Le livre démarre fort avec l’expérience de la voiture autonome. Ici en France, on a un président qui “adore la bagnole”. Mais dans la Silicon Valley, il semblerait que le culte de la voiture soit encore plus important, plus puissant ?
La voiture est de tous les objets techniques sans doute le plus emblématique de la mythologie américaine, disons avec le cinéma.

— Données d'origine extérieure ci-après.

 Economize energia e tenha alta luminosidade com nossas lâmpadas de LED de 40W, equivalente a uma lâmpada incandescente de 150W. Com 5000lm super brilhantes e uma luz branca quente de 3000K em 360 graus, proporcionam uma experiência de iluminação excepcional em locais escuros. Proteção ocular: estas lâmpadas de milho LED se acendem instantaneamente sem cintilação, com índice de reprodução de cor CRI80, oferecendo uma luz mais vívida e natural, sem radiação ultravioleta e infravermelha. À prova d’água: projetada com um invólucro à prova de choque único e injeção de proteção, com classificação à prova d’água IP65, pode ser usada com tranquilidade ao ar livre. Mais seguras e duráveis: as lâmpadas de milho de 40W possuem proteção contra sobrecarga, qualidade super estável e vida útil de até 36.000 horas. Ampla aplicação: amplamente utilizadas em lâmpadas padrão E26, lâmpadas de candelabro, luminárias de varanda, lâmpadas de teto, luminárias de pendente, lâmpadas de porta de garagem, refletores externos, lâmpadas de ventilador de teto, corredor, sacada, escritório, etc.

Elle sature les fictions depuis les années 50. L’urbanisme des villes américaines a été directement formaté, dès l’origine, pour elle, avec des cinq-voies en plein centre-ville de San Francisco, inimaginables à Paris ! La voiture y est un second corps sans lequel aucun déplacement digne de ce nom n’est possible à cause de l’étalement pavillonnaire et des dimensions colossales du pays. En zone rurale, faire 50 kilomètres est une broutille, la densité d’habitation est très faible, par exemple dans l’ouest américain que j’ai traversé pendant neuf jours. Donc la voiture devient vitale, on a la nettoie scrupuleusement le dimanche, on la soigne, on dort dedans, on y a ses premières expériences sexuelles, on vit avec. Avec la voiture autonome, nous passons de la voiture-énergie, virile et vive, à la voiture-data molle où l’on se fait conduire et ne maîtrise plus rien. Ça annonce d’autres glissements vers des IA toutes-puissantes, qui vont gérer nos existences avec douceur et précision, sans même que nous mesurions la liberté qu’on y perd. Le tout au nom d’un confort, d’une paresse assumée et d’une sécurité devenus le cœur de nos économies de désir.

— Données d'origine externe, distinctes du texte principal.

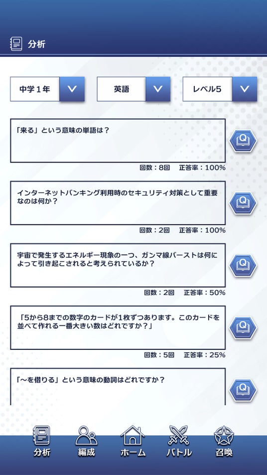 アプリには魅力的なキャラクター育成の要素も盛り込まれています。問題を解くことでキャラクターが成長し、ガチャやドロップなどゲーム的な要素を楽しみながら勉強を続けられます。「できることが増えていく」「自分のキャラクターが強くなる」といった体験を通じて、お子様の自己肯定感と達成感を高めます。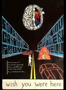 For this month, I would like to shine the senior spotlight on Carlos Tira. I have had the privilege of knowing Carlos for many years now and he is nowhere short of the perfect friend. He is always smiling, helping others and being kind, and he is constantly going above and beyond when it comes to participating in the something that he loves. Football, band, and art are just a few of the things that Carlos spends his time doing. After just finishing up his varsity football career, Carlos revealed a project that he had been working on. He called it, “Wish You Were Here”. The piece is inspired by the Pink Floyd song, addressing one of the band members who left the group due to mental health struggles and drug use. After senior Lillian McCulloch requested a piece from Carlos to use for her Teen Talk podcast which promotes mental health awareness, Carlos came up with this. Awesome work, Carlos!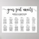 Personalize this modern monochrome typography wedding seating chart with your own details easily and quickly, simply press the customize it button to further re-arrange and format the style and placement of the text. (c) The Happy Cat Studio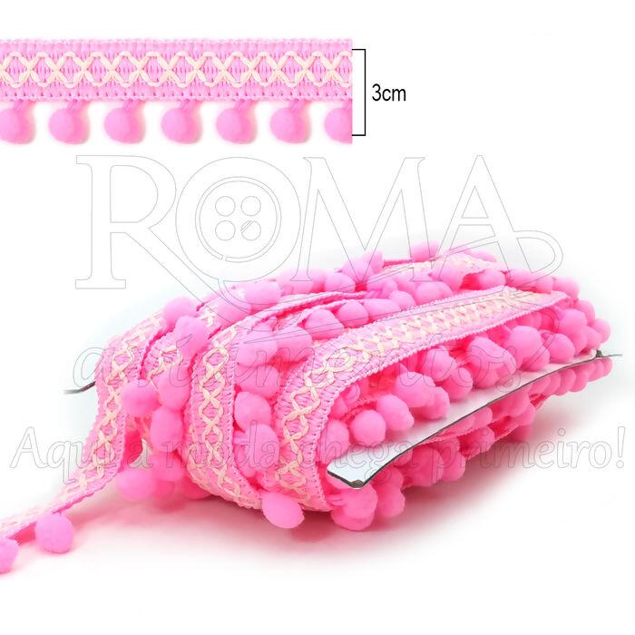 Descrição Fita Grelot Pompom - 3cm x 13mts - Rosa 080 - RO.151045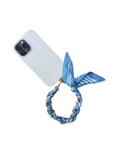 Foulard en soie d’environ 25cm de long, chaîne dorée robuste, compatible avec tous modèles de smartphones (iPhone, Samsung, Xiaomi, etc.) et coques rigides.

Pourriez-vous revenir sur ce que vous appelez l’écologie catastrophique du dernier kilomètre ?
Jusqu’à peu, les commerces étaient situés de manière à centraliser logistiquement les besoins en produits et services des citoyens, ils étaient placés peu ou prou au barycentre de nos déplacements, de nos lieux de travail et d’habitation, et nous demandaient ce petit effort de déplacement à pied pour faire nos courses. Ou si l’on prenait la voiture, c’était pour aller dans une zone commerciale qui rassemble tous les commerces nécessaires et optimise la consommation d’énergie, au moins un minimum. Quand tu te fais livrer par Uber ou Amazon, tu importes le commerce chez toi, à ton domicile. Donc tu demandes à l’entreprise et à ses livreurs de faire ce « dernier kilomètre » (c’est une image, ça peut être 200 m ou 3 km) à ta place, en emballant les produits dans des cartons qui exigent de la pâte à papier, donc des arbres coupés et renchérit fortement le prix du papier pour l’industrie du livre, etc. Tu démultiplies les déplacements exigeant de l’énergie fossile car les livreurs sont le plus souvent en scooter et même lorsqu’ils circulent à vélo, la consommation d’énergie suscitée par les emballages et la gestion des déchets derrière est lamentable. Pour trois sushis, tu crames des centaines de grammes de plastique, de sac papier, de petits bouteilles de soja, de baguettes en bambou, de bols cartonnés…
Si tu appliques ça à la voiture autonome, qui va devoir se garer à l’extérieur des villes, venir te chercher, se regarer dans des zones dédiées, repartir te chercher au restaurant ou au supermarché, te ramener chez toi, alors que tu pourrais prendre le vélo, le tram ou le bus, ou même y aller avec ta voiture en ligne directe, tu mesures les millions de km qui vont être parcourus de façon dispendieuse juste pour outiller nos facilités et nos paresses avec cette nouvelle forme de transport individualisés, de taxi moins cher que tu utiliseras plus facilement.
Votre expérience sur place donne l’impression qu’il n’y a aucune chance de voir d’autres formes de mobilité prendre le pas sur la voiture. Comme si la fabrication des voitures et leur utilisation n’avait pas d’impact sur l’environnement…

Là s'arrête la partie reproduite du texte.